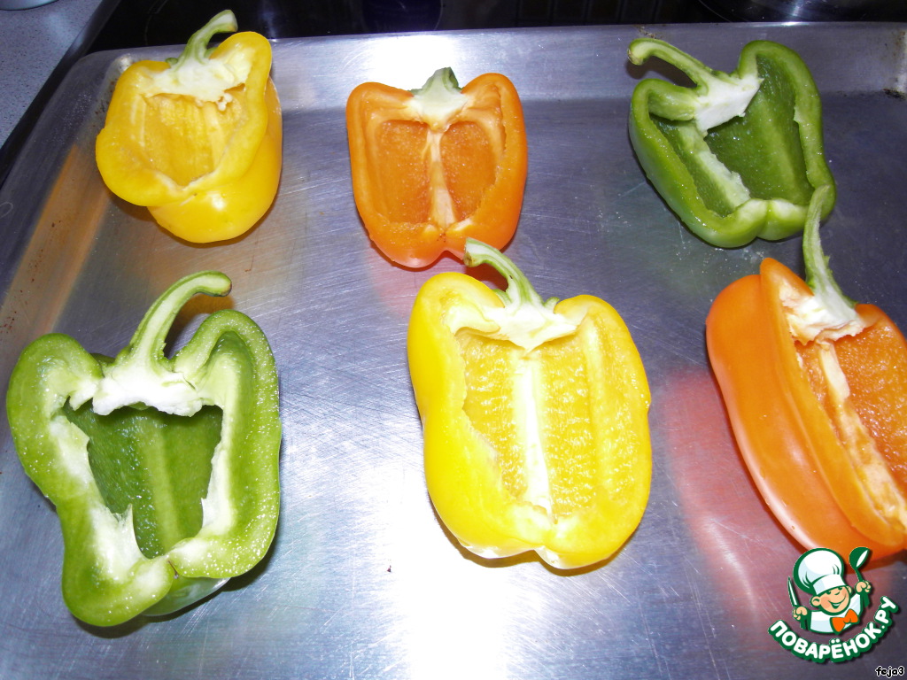 1. Паприку помыть, разрезать пополам, очистить от семян, а хвостик оставим для красоты. Половинки выложить разрезом вверх на противень и выпечь в течении 20 мин при 200 г
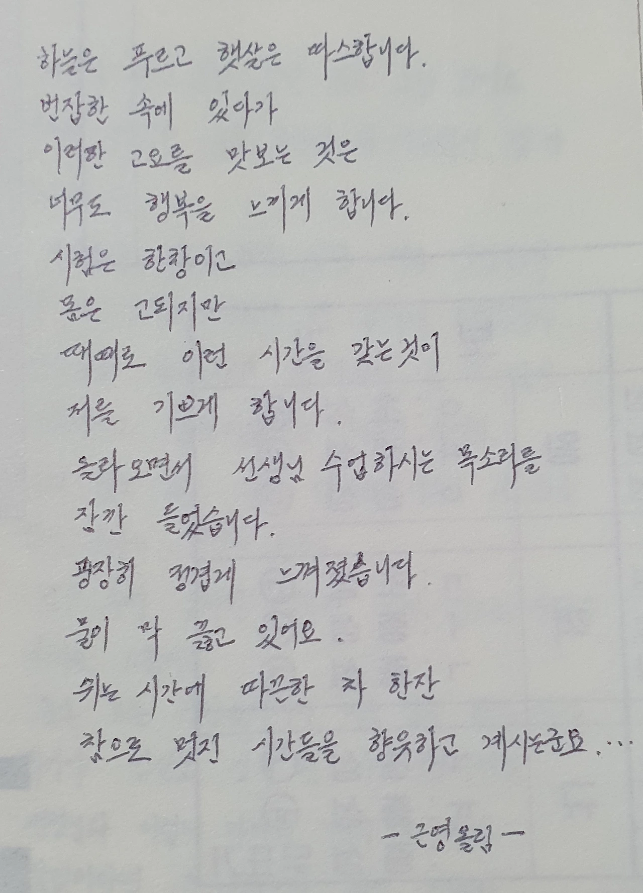 오늘은 수첩들을 정리하다 수첩 속에 고이 간직된 메모지에 글... 조용하고 소심한 성품을 가진 그러면서 생각이 깊고 진솔한 여제자로부터 받았던 쪽지 글... 다시 읽어보니 왠지 부끄러움이 맴돈다.
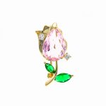 Broșa în formă de lalea cu piatră roz este o bijuterie elegantă, care aduce un omagiu frumuseții delicate a florilor primăverii. Lalelele, simboluri ale iubirii și ale rafinamentului, sunt reprezentate cu grație în acest design, iar piatra roz adaugă un accent de culoare subtil și feminin.
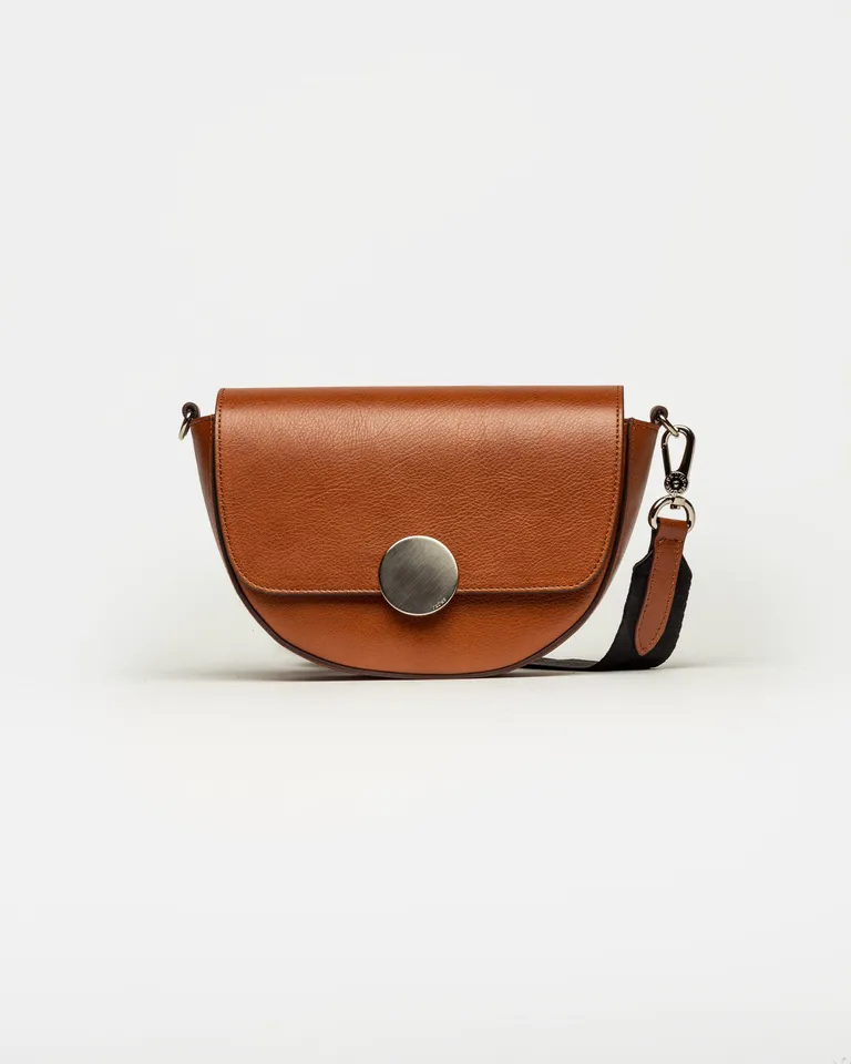 Bandolera de diseño circular con solapa y cierre de herraje metálico central. Este modelo cuenta con una correa ajustable y desmontable, ideal para complementar distintos outfits. Su estilo versátil permite el uso diario o para eventos sociales, brindando comodidad y funcionalidad. Un accesorio esencial que combina elegancia y practicidad para organizar tus objetos personales.

* **Problem description**
Word for word and without pictures, restate only the lines running from the one that contains "오늘은 수첩들을 정리하다" through the last line of the listing above.

* **Result for this exercise**
 오늘은 수첩들을 정리하다 수첩 속에 고이 간직된 메모지에 글... 조용하고 소심한 성품을 가진 그러면서 생각이 깊고 진솔한 여제자로부터 받았던 쪽지 글... 다시 읽어보니 왠지 부끄러움이 맴돈다.
 Broșa în formă de lalea cu piatră roz este o bijuterie elegantă, care aduce un omagiu frumuseții delicate a florilor primăverii. Lalelele, simboluri ale iubirii și ale rafinamentului, sunt reprezentate cu grație în acest design, iar piatra roz adaugă un accent de culoare subtil și feminin.
 Bandolera de diseño circular con solapa y cierre de herraje metálico central. Este modelo cuenta con una correa ajustable y desmontable, ideal para complementar distintos outfits. Su estilo versátil permite el uso diario o para eventos sociales, brindando comodidad y funcionalidad. Un accesorio esencial que combina elegancia y practicidad para organizar tus objetos personales.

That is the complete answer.